Ritz and Escoffier by Luke Barr
Author:Luke Barr
Language: eng
Format: epub
Publisher: Potter/TenSpeed/Harmony
Published: 2018-04-03T04:00:00+00:00
10
RITZ MAKES a MOVE
Alfred Beit, the South African gold and diamond magnate who was a regular at the Savoy, would regale Ritz with stories of his exploits, always encouraging him to think big. There was a dearth of great hotels the world over, Beit said. Why, with the right backing, a man of Ritz’s quality could open a luxury hotel in every capital in Europe—and in Africa, too. Johannesburg, for example, where Beit and the other mining investors had made their fortunes, was sorely in need of a grand hotel. And what about Cairo? Everyone was going to Cairo these days. And New York City, of course. And Madrid, and Paris, and London, too. Yes, London could always use another luxury hotel, and so what if that meant competing with the Savoy?

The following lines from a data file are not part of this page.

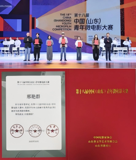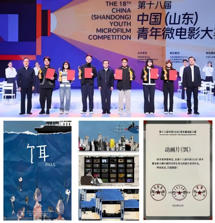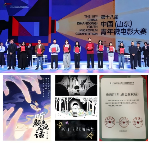 10月20日,第十八届中国(山东)青年微电影大赛荣誉盛典在济南举行。我校数字艺术与传媒学院李静雯、常庆鹏创作的《饵》斩获学生单元优秀作品,李佳楠、刘炳睿、张淄涵、李昊城创作的《听,颜色在说话》获入围作品,邢艳群老师获评优秀指导教师,学校获评优秀组织单位。
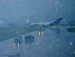 Photo 1 shows the aircraft moments after the landing. There was significant precipitation and standing water, which would have been conducive to aircraft hydroplaning. The Transport Canada Aeronautical Information Manual (AIM) notes that, when hydroplaning occurs, "it is known that a 10-knot, crosswind will drift an aircraft off the side of a 200-foot wide runway in approximately 7 seconds under hydroplaning conditions."
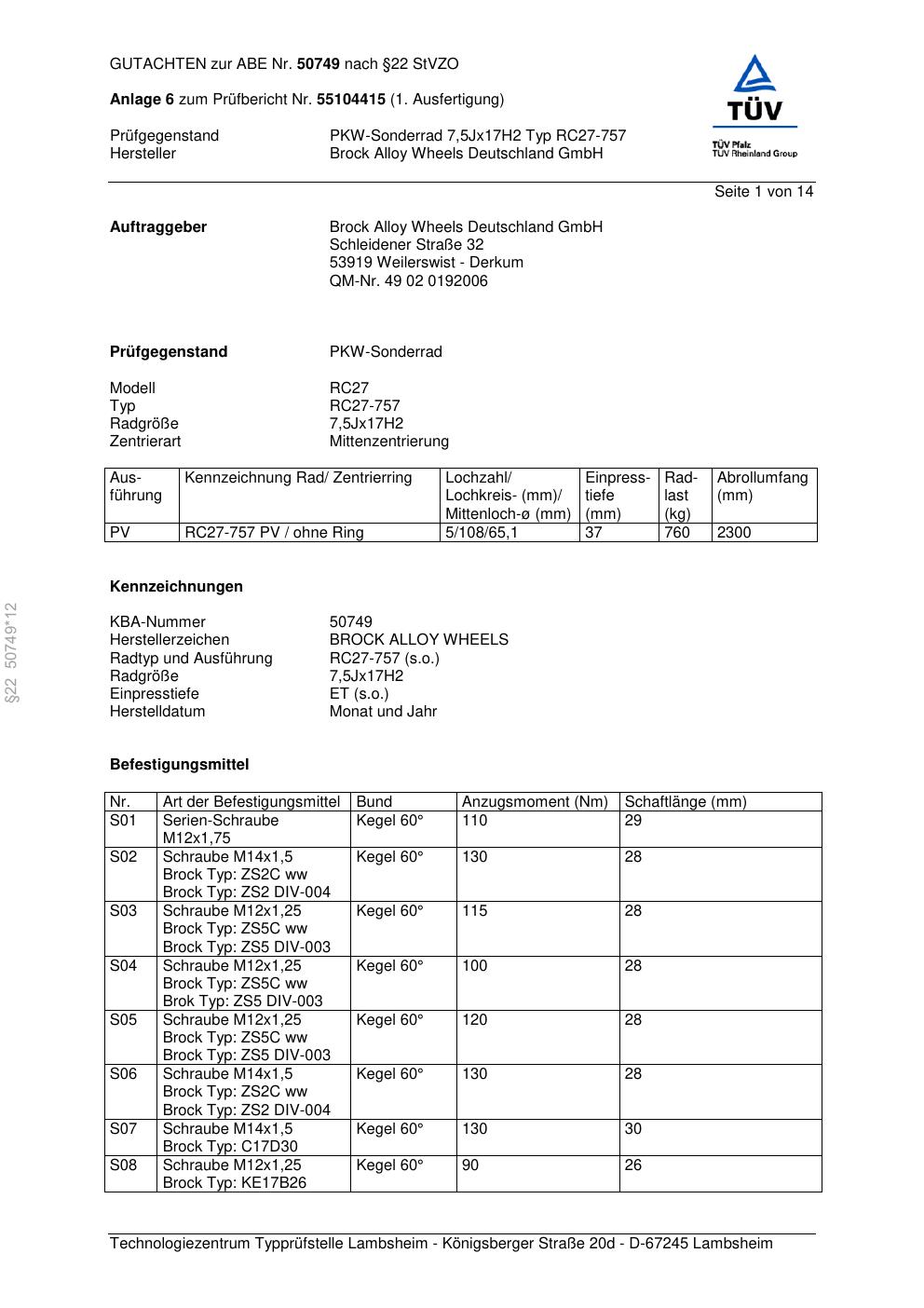 Dieses Gutachten (abe) bezieht sich auf die Alufelge Brock RC27-757 in der Ausführung 7.5Jx17 ET 0, Mittenloch 0 mm (KBA 50749). Im PDF findest du typischerweise zulässige Reifengrößen, Auflagen/Anbauhinweise und – je nach Dokument – Hinweise zur Eintragung.
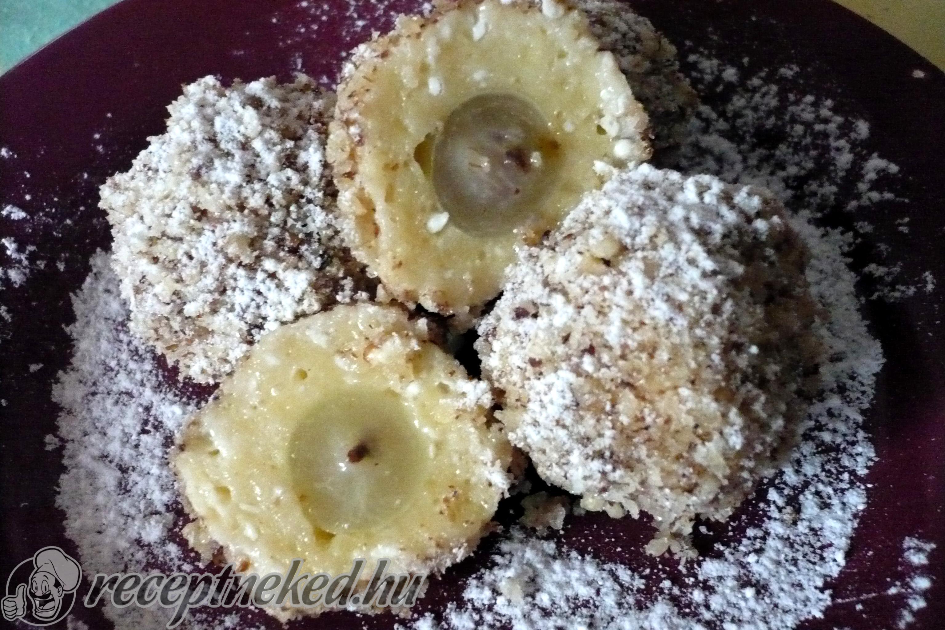 A ricottás masszából formáljunk gombócokat és hempergessük meg a diós morzsás keverékben.

It was exhilarating to imagine the possibilities, the conversations fueling Ritz’s ambitious dreams and his persistent sense that he was undervalued by the Savoy.
What had started as idle talk soon became more than that. Ritz’s contract with D’Oyly Carte had always left him free to pursue his own business dealings, as long they took place abroad. He had made sure of that. The Savoy was running like a Swiss clock; now was the time to expand his portfolio, to reassert himself. His dealings over the past year with other hoteliers and hotel companies in Europe had only galvanized his determination. He was far and away the most respected hotel manager in Europe, yet he did not have a hotel of his own.
In early 1896, Ritz began approaching some of the wealthy businessmen who frequented the Savoy about the idea of forming a new company. It would be called the Ritz Hotel Syndicate Ltd. Some of these potential investors were shareholders in the Savoy, and they knew firsthand how talented Ritz was, that he’d been instrumental in making the hotel a success. Ritz’s arrangement with D’Oyly Carte, they knew, allowed him his independence. He worked at the Savoy for only six months of the year.
Ritz hosted a series of small lunches and dinners in the restaurant’s small private dining rooms, at which he described his plans to open luxury hotels in numerous cities. Beit was an early supporter, as were the Neumann brothers, Ludwig and Sigismund. Sigismund, like Beit, had made his fortune in the mining business in South Africa; his brother was a stockbroker at Leopold Hirsch and Company. This would turn out to be a fruitful connection, for soon some of the other partners at the bank, including the Russian baron Jacques de Gunzbourg and Leopold Hirsch himself, also invested in the new company. So did iron and steel magnate Robert Crawshay (a principal Savoy shareholder); Calouste Gulbenkian, a British-Armenian oil trader; Sir Joseph Duveen, a Dutch importer and antiques dealer; and A. G. Brand of Lazard Bank in London. Two Savoy insiders, Lord de Grey and Henry Higgins, were also investors.
They were a colorful and uniquely modern cast of characters, most of them Jewish, many of them immigrants or sons of immigrants, all of them exceedingly wealthy.